Scientific novelty: DLLDC was achieved by changing the fundamental optimization criteria from subjective visual perception accuracy to objective diagnostic quantification accuracy with the removal of redundant information in temporal, spatial and frequency domains.
Impact: DLLDC provides enabling technology for integrated e-health care systems by allowing vast amounts of medical image data to be stored and accumulated online (rather than on tapes and DVDs) to better facilitate data sharing and data mobility.
D. Ho, D. Feng, & K. Chen, "Dynamic image data compression in spatial and temporal domains: Theory and algorithm," IEEE Trans. Inform. Technol. Biomed., vol. 1, pp. 219-228, 1997.
D. Feng, W. Cai & R. Fulton, "Dynamic Image Data Compression in Spatial and Temporal Domains: Clinical Issues and Assessment", IEEE Trans. Inform. Technol. Biomed. vol. 6(4), pp. 262-268, 2002.
Data acquisition
Achievements: We developed the optimal image sampling schedule (OISS) theory, superior to traditional strategies based on trial and error.
Scientific novelty: The famous Shannon Sampling Theorem, which opened up a new area of digital signal processing, is used only for uniform samples of non-noisy signals. Our OISS has been a significant step forward in extending digital signal-processing, and provides the theoretical foundation for the optimal scheduling of general non-uniformly sampling of noisy-analogy signals.

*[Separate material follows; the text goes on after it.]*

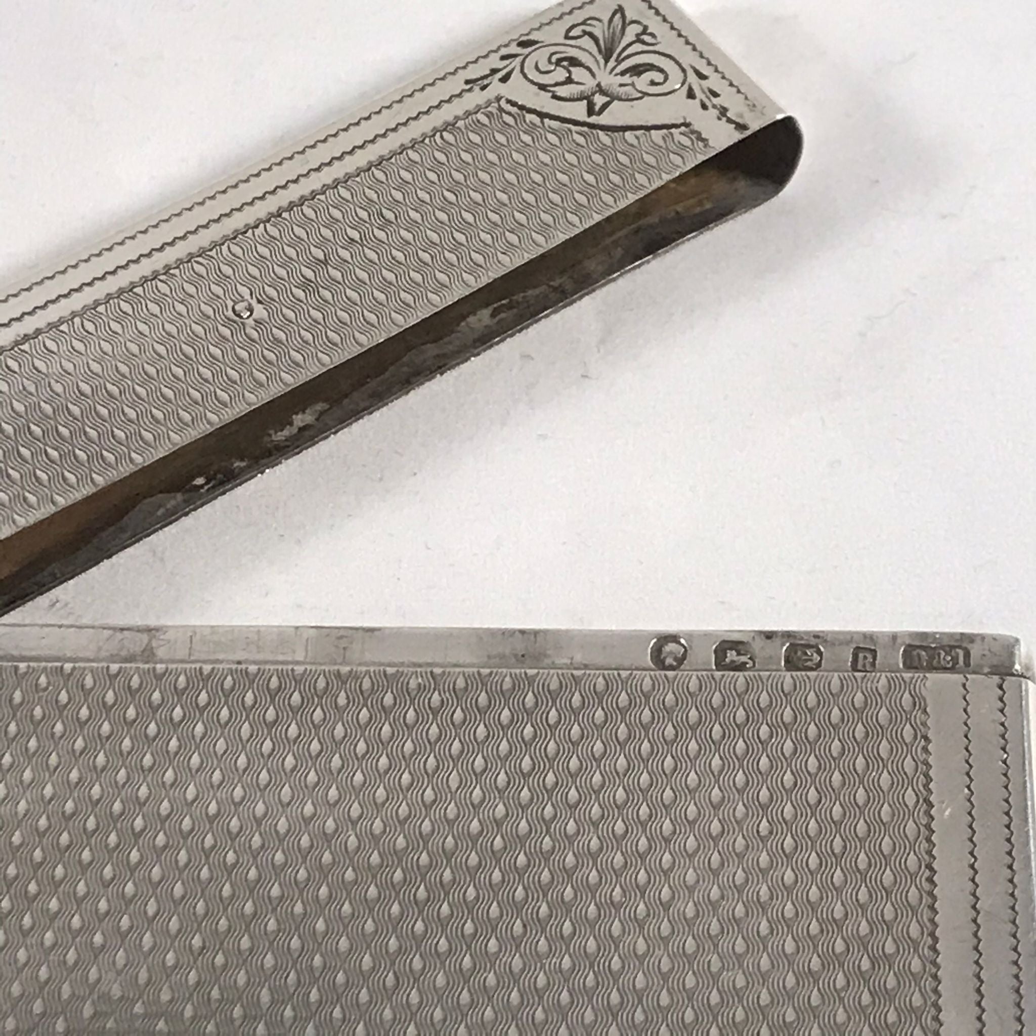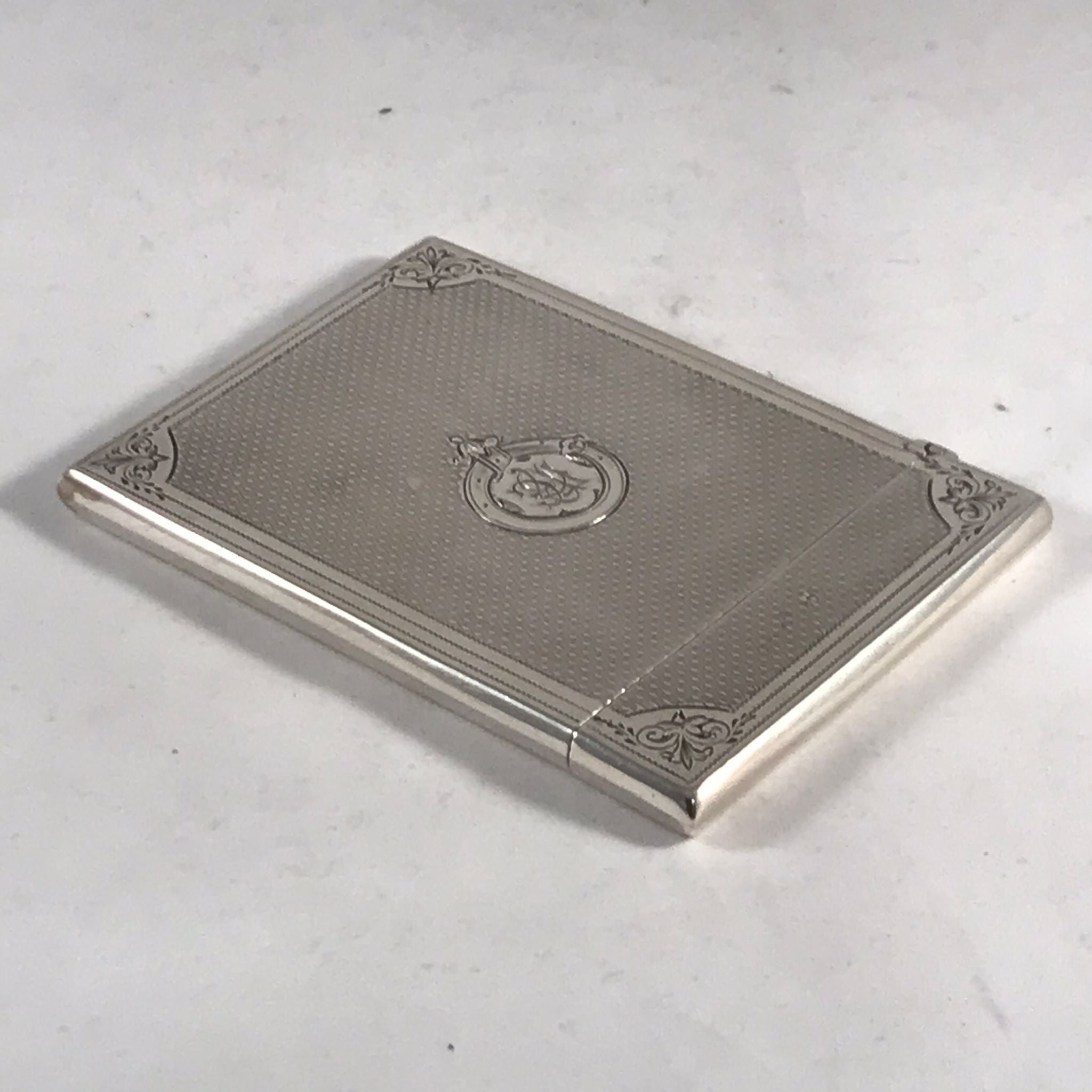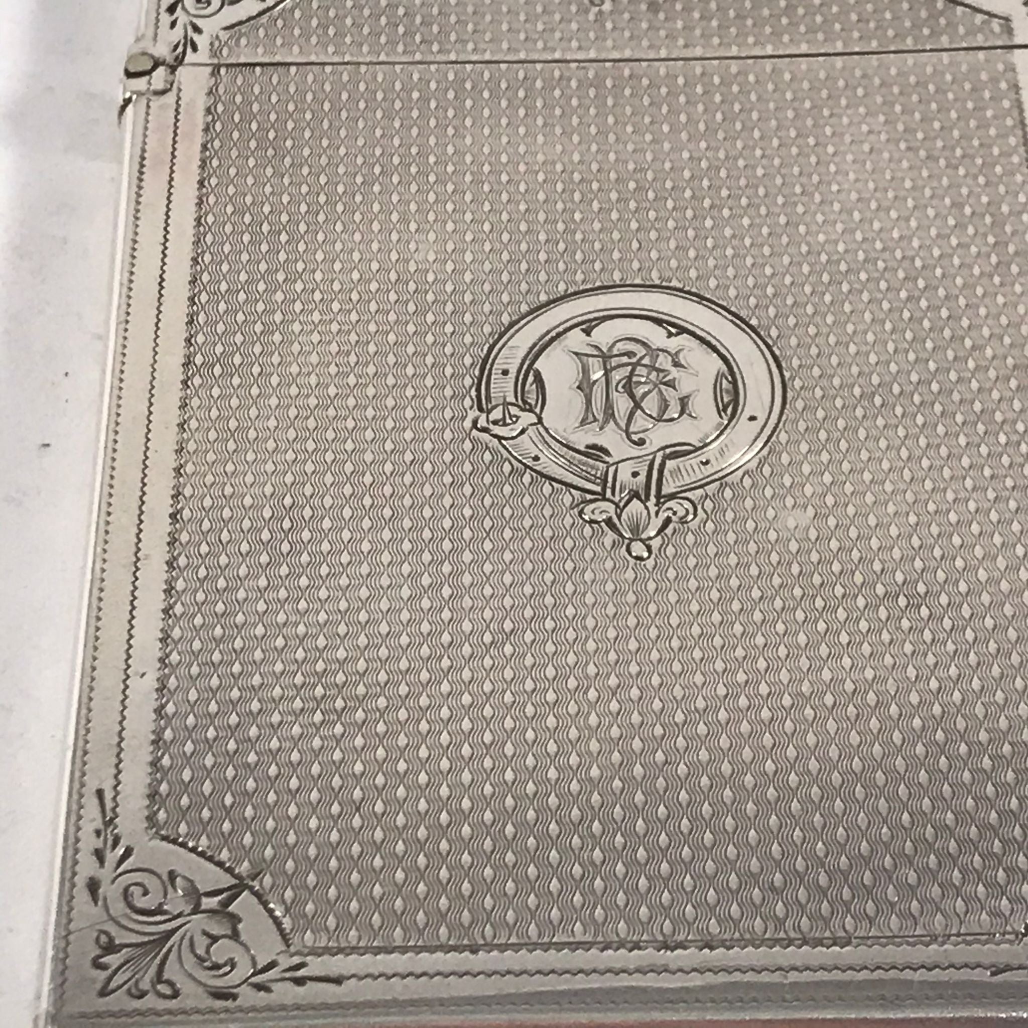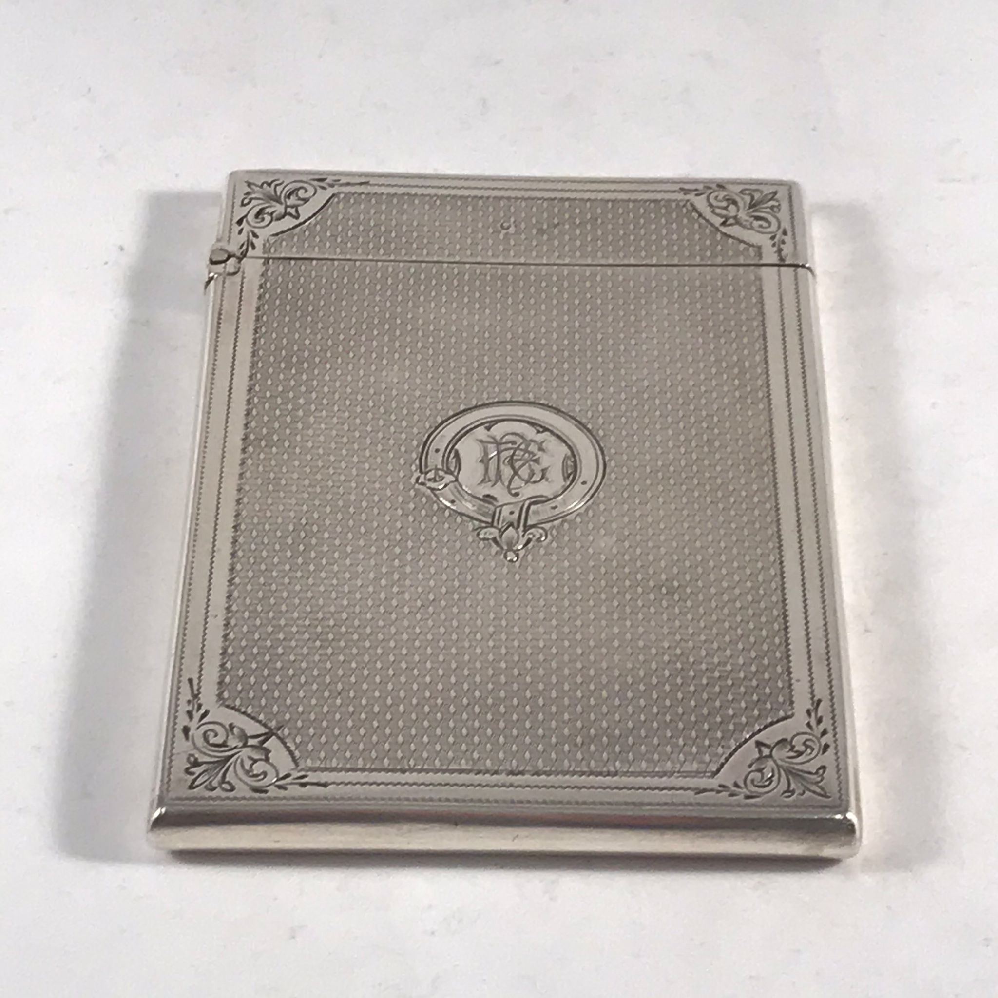 This silver card case is in very good order. There is no rubbing to the decoration and no damage to the case. There are very minor surface marks commensurate with age and minimal use. The hinge is good with no signs of damage or repair. The case closes well with just a very slight gap at the back when the case is closed.

Impact: Our OISS has become a standard data acquisition method for functional imaging in biomedical/pharmacological research and clinical applications. It has reduced sample size by more than 80%, while retaining all the qualitative and quantitative information of the original analogy signals.
Z. Chen, D. Feng, W. Cai, & R. Fulton, "Performance Evaluation of Functional Medical Imaging Compression via Optimal Sampling Schedule Designs and Cluster Analysis", IEEE Trans. Biomedical Engineering, vol. 52(5), pp. 943-945, 2005.

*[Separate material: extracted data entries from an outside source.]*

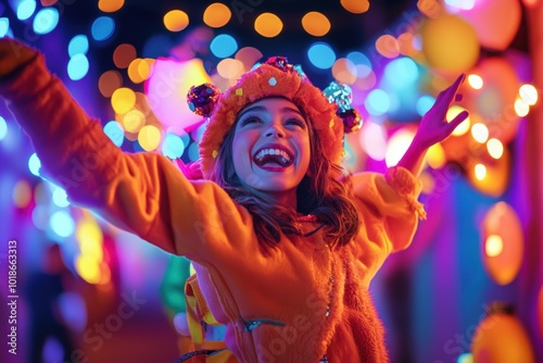 Cheerful costume party reveler enjoys vibrant Halloween lights and festivities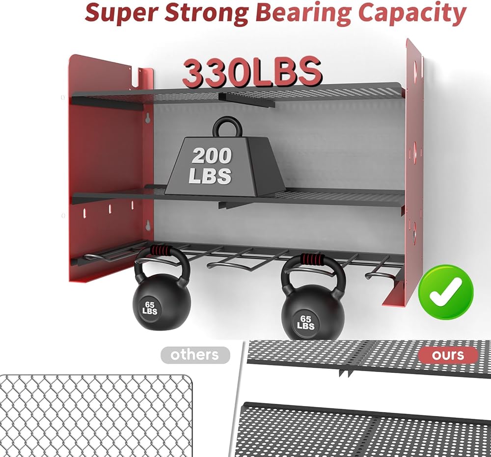 【High load-bearing capacity】 Our wall tool organizer mount is made of high-density steel metal, Strong load-bearing capacity for greater durability, With three levels of placement space, Enough to organize your instruments and tools,Dimensions: L: 32”, W: 8.7”, H: 16.5”.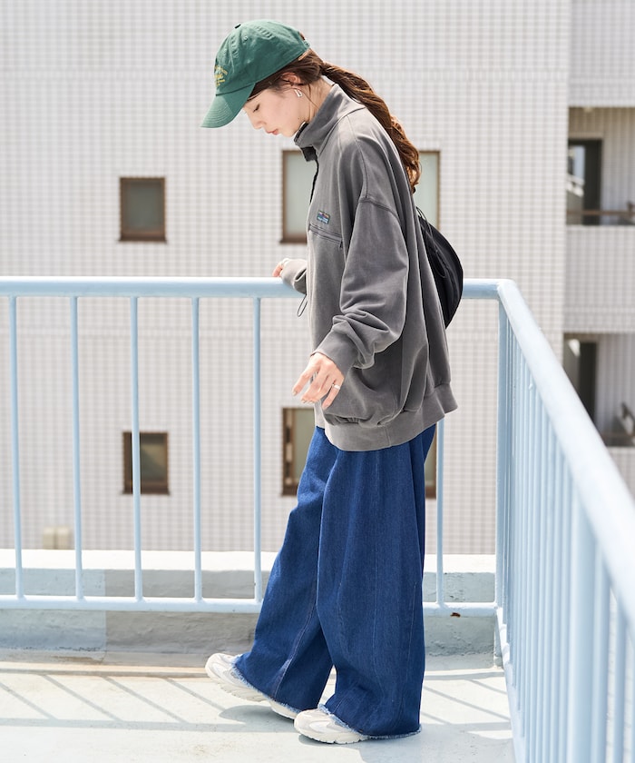 피그먼트 워싱 가공으로 빈티지한 디자인의 플리스 풀오버. 가슴 지퍼 디테일과 미니 라벨 장식 포인트가 있으며, 여유 있는 빅 실루엣입니다.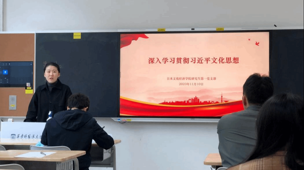 为深入学习贯彻习近平文化思想和关于宣传思想文化工作重要指示精神,2023年11月10日下午,研究生第一党支部开展“深入学习贯彻习近平文化思想”主题党日活动。活动由支部书记雷雨主持,全体党员参加。

C.H. Lau, S. Eberl, D. Feng, H. Iida, P-K. Lun, W-C. Siu, Y. Tamura, G.J. Bautovich, & Y. Ono, "Optimized acquisition time and image sampling for dynamic SPECT of Tl-201", IEEE Trans. Med. Imag., vol. 17(3), pp. 334-343, 1997.

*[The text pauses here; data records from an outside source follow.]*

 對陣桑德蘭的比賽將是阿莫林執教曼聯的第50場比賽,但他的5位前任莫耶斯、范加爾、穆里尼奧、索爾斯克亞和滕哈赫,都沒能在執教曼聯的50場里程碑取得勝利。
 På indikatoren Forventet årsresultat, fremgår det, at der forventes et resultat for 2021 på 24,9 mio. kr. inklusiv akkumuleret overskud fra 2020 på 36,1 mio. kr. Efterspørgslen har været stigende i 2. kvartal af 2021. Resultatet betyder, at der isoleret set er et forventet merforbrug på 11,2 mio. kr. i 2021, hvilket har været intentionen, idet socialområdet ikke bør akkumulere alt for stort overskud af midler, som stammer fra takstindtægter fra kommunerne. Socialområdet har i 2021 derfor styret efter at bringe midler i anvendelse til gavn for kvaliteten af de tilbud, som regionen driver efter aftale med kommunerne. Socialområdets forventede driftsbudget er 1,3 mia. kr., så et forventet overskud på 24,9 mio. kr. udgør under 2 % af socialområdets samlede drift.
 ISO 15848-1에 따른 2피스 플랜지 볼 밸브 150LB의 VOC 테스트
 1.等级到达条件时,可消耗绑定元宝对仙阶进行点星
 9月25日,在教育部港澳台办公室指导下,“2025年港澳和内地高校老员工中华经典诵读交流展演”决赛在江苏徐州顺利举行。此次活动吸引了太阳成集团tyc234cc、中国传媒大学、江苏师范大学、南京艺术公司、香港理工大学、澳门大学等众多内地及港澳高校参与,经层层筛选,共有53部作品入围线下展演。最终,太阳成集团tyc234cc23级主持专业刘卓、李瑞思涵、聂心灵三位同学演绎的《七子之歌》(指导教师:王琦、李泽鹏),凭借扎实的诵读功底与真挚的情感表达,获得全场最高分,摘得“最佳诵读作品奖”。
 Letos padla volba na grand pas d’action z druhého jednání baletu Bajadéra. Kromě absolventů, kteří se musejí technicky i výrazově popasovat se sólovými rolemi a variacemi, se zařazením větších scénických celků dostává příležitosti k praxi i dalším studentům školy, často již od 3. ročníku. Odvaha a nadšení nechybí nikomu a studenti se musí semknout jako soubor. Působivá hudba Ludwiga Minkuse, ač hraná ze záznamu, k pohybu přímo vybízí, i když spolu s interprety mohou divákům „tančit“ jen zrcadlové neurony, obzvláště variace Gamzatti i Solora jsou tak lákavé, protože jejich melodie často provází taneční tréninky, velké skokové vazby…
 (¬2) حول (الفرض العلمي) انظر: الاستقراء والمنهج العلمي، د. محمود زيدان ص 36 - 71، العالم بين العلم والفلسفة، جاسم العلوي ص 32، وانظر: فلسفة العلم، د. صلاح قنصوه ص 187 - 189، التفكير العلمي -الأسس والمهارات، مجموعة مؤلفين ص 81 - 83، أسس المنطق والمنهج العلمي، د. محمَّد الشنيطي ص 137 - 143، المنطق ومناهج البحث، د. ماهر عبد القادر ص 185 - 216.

Biomedical functional parametric imaging
Achievements: Parametric imaging provides functional quantitative information at voxel-by-voxel level. However, computational complexity involved with parametric images meant that unrealistic assumptions or simplifications had to be adopted, and thus leading to biased/limited estimations. We developed the world's first generic unbiased, statistically reliable and fast technique called generalized linear least square (GLLS) algorithm.
Scientific novelty: GLLS innovatively converts complicated non-linear estimation into simple linear estimation for non-uniformly sampled, continuous biomedical system identification.
Impact: GLLS is widely used in functional images for the quantification of biochemical processes such as cerebral/myocardial blood flow, oxygen utilization rate, glucose computation rate, and distribution volume of neuro-receptor.
D. Feng, S-C. Huang, & Z. Wang, "An unbiased parametric imaging algorithm for nonuniformly sampled biomedical system parameter estimation", IEEE Trans. Med. Imag., vol. 15(4), pp. 512-518, 1996.
L. Wen, S. Eberl, D. Feng, W. Cai & J. Bai, "Fast and reliable estimation of multiple parametric images using an integrated method for dynamic SPECT", IEEE Trans. Med. Imag., vol. 26(2), pp.179-189, 2007.